ELSA FLORES: April the thirtieth. [laughter]
JEFFREY RANGEL: April the thirtieth, right. Okay.
ELSA FLORES: Okay. So I have already talked to you about the mural-the Ronald Reagan mural-and all that hassle. So anyway I had this mural to do and full of grief and this terrible weather and all the political ramifications surrounding it. Did it. Done. And close to the first-year anniversary of his death, Maya and I needed a change. Well, I decided for us, but I felt we needed a change. We needed to get out of the house that he had-he didn't die in the house but where his last days were-and start a new beginning. So I completed the mural and got the last payment on the commission and was able to purchase this house. I'd looked around for many months and finally found this one. Which was really interesting the way things kind of find their way to you. Because I had been looking in a neighborhood that had a good school district, and so South Pasadena was one of the safest and one of the best. Actually, I wanted to live in Mt. Washington, but it was very unsafe. Lots of robberies and stuff and schools weren't good. But I always loved that area, so I said, "Okay, well South Pas." And I couldn't afford most of the houses in the neighborhood, so I was cruising with the realtor one day and we passed by this house and I go, "That's a great house." She goes, "Oh yeah, but you couldn't afford it. Everyone wants to live on that street and it's a very expensive street." I said, "Okay." So we went on, she showed me other houses, and finally I told her-the houses she was showing me-I said, "You know what? I can't afford that. You know, I thought I could but I really can't." And she said, "Well, okay. You know what? Let me go back and show you this house." And it was more affordable. She just wanted to sell me the more expensive house.
JEFFREY RANGEL: Ah-h-h!
ELSA FLORES: But the interesting thing was that day we had little Max [Blum], who was one of Maya's schoolmates and Max was born missing some fingers and his limb was all deformed so they had to amputate him at the knee. So he was wearing a prosthesis. He and Maya were very close. And Max was with us. But Max had this very endearing relationship with Carlos, like no other child had with him, and they were really connected and Carlos really inspired him. He felt he was an artist, too, and he would copy some of Carlos's painting. He would go visit him in the hospital, and the last time he saw Carlos he said, "I'll see you, old friend." You know, this like really sweet good-bye. And so Max was with us, and we came in and saw the house and I said, "Yeah, I see possibilities. Yeah, let's make an offer." And it turns out there were three other offers on the house, but the Children's Orthopedic Hospital owned the house. The prior owner had donated it to them. And it was just this connection that here Max, this physically challenged kid, was with us who had been so connected Carlos, kind of was with us, and she pleaded our story to the board of the hospital, and they chose us when we had given a lower bid than some of the other people.
JEFFREY RANGEL: Wow.
ELSA FLORES: So it was like Carlos kind of guided us here. How did we get off on that? We were. . . .

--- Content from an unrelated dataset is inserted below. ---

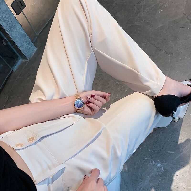 Pinkoz ベージュ ホワイト ワイドレッグパンツ ロング ハイウエスト パラッツォ ワーク OL服 シック 夏 春 ロングパンツ レディース カジュアル パンタロン ハイウェスト ピンク スプリング 春物 サマー 夏物 ワイドパンツ

JEFFREY RANGEL: You needed a change.
ELSA FLORES: Oh, I needed a change and how I was dealing with myself as an artist during that time and the healing, the Kauai. . . . Oh yeah, we were talking about Kauai, how it was a healing place.
JEFFREY RANGEL: Right.
ELSA FLORES: So I had that realization on the beach that, "Yeah, I am an artist. I am an artist, and I'm a good artist. I can't forget that." But at the same time I was dependent on maintaining our lifestyle by selling Carlos's work. Because my work had not yet been commercially available and I could never make a living off of my work. So I was really still dependent on having to sell Carlos's work. And still am. That's changing now with all the public things and hopefully with my new work. My goal is to try to make a living off my own work. But so far it's still dependent on Carlos's work. So I do dedicate a lot of time to his ongoing career and realizing that what he left us in the estate was works of art. We don't have any cash flow but we have works of art. And the eighties were great but the nineties were really, really bad. Prices dropped and there's a lot on the resale market because he was so prolific. And a lot of sleaze-bag dealers who are undercutting the market like crazy, and there's no way I can compete because I have to maintain the estate price. Because people have purchased from me at estate prices, and I can't screw them. I can't devalue their investment. So it's been really hard for me, but luckily these public commissions-these past commissions-have helped me stay afloat. But it's been the hardest ever financially. I think that'll be changing, though.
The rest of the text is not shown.